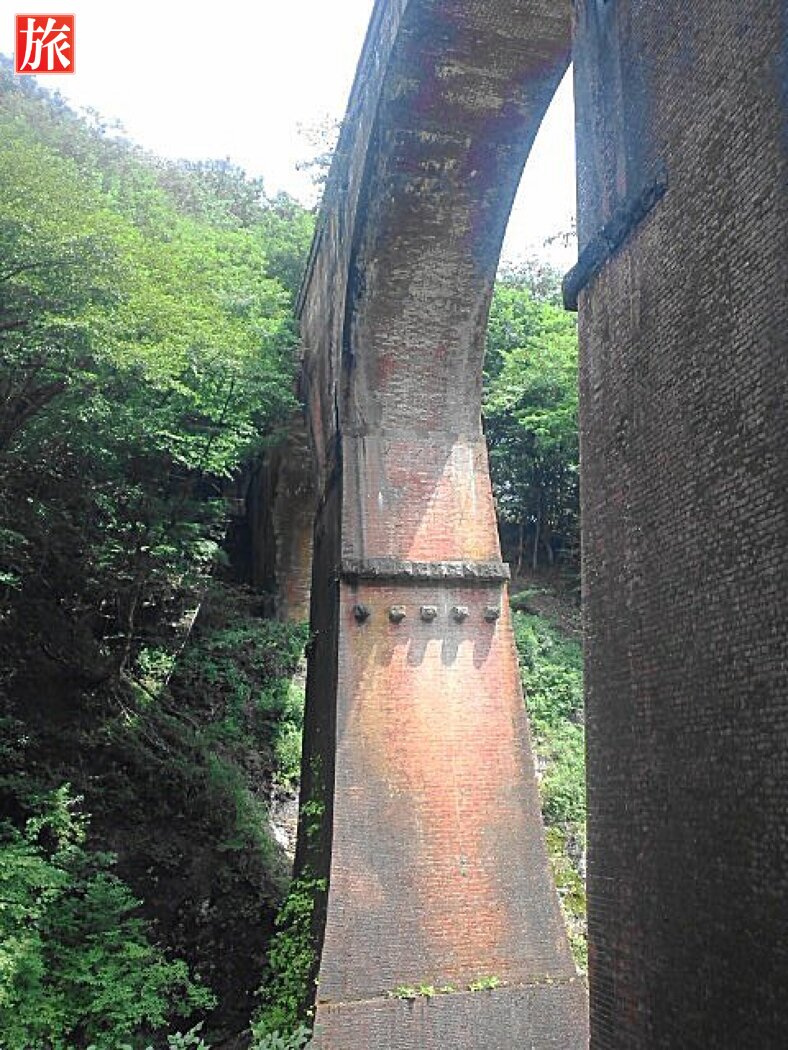 アプト式鉄道が廃止されるまで使用された橋です。すべてが煉瓦造りで、国重要文化財に指定されています。
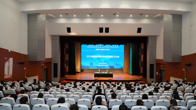 2月26日下午,2021年新学期全校教职工大会在大学生活动中心召开。全体校领导及教职工代表参加会议。会议由校党委书记吴嘉敏主持,校长程裕东作新学期开学报告。
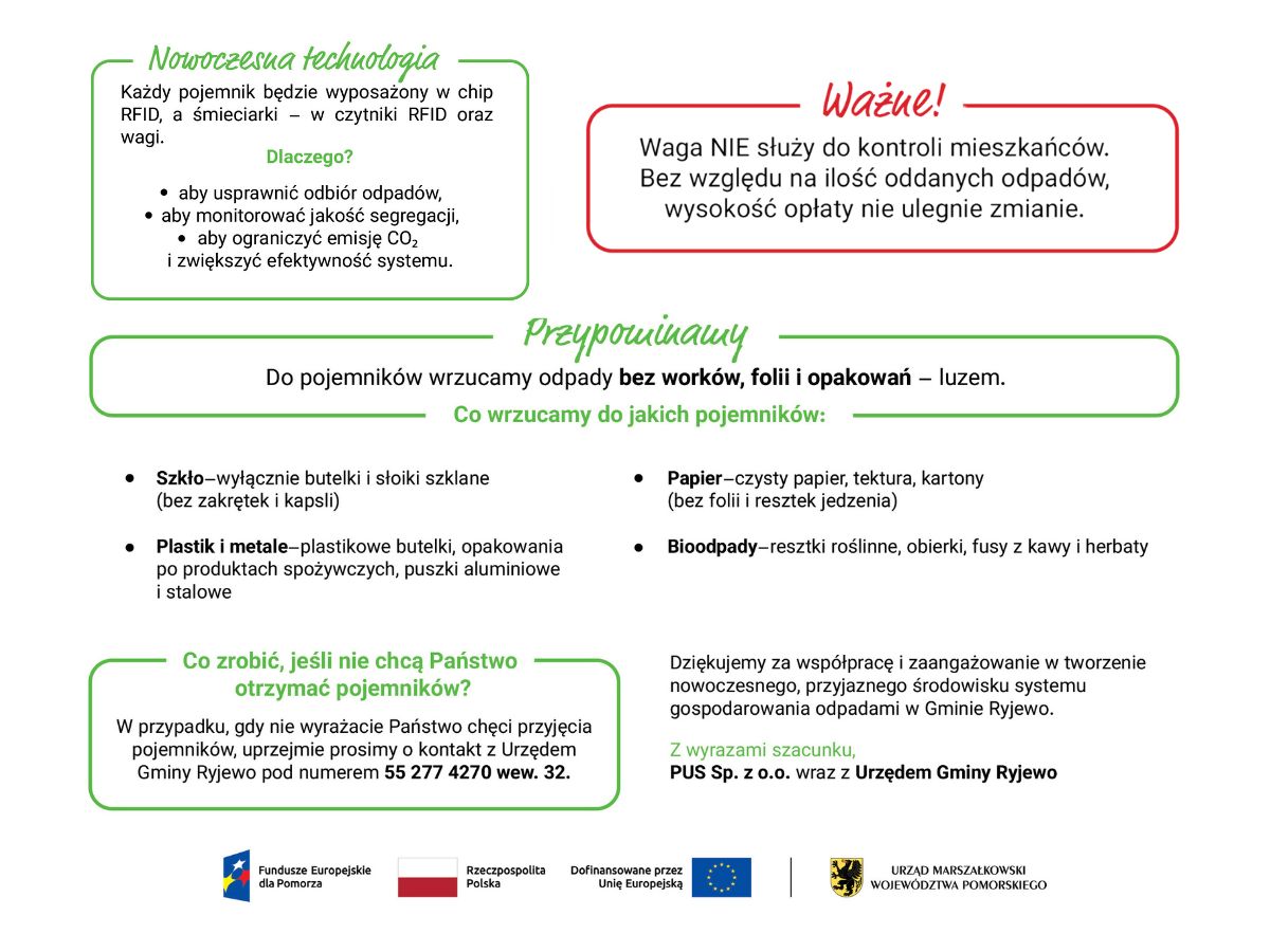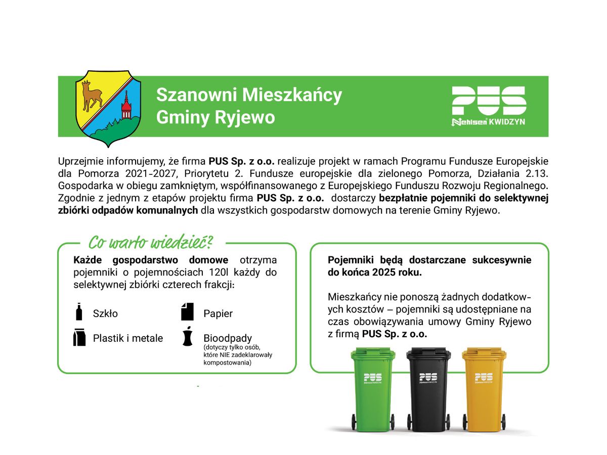 Uprzejmie informujemy, że w ramach realizowanego projektu unijnego, firma PUS Sp. z o.o. rozpoczyna dystrybucję bezpłatnych pojemników do selektywnej zbiórki odpadów komunalnych. Zestawy pojemników trafią do wszystkich gospodarstw domowych na terenie naszej gminy.

Work task: Would you set down the listing exactly, omitting pictures?

Output below:
 アプト式鉄道が廃止されるまで使用された橋です。すべてが煉瓦造りで、国重要文化財に指定されています。
 2月26日下午,2021年新学期全校教职工大会在大学生活动中心召开。全体校领导及教职工代表参加会议。会议由校党委书记吴嘉敏主持,校长程裕东作新学期开学报告。
 Uprzejmie informujemy, że w ramach realizowanego projektu unijnego, firma PUS Sp. z o.o. rozpoczyna dystrybucję bezpłatnych pojemników do selektywnej zbiórki odpadów komunalnych. Zestawy pojemników trafią do wszystkich gospodarstw domowych na terenie naszej gminy.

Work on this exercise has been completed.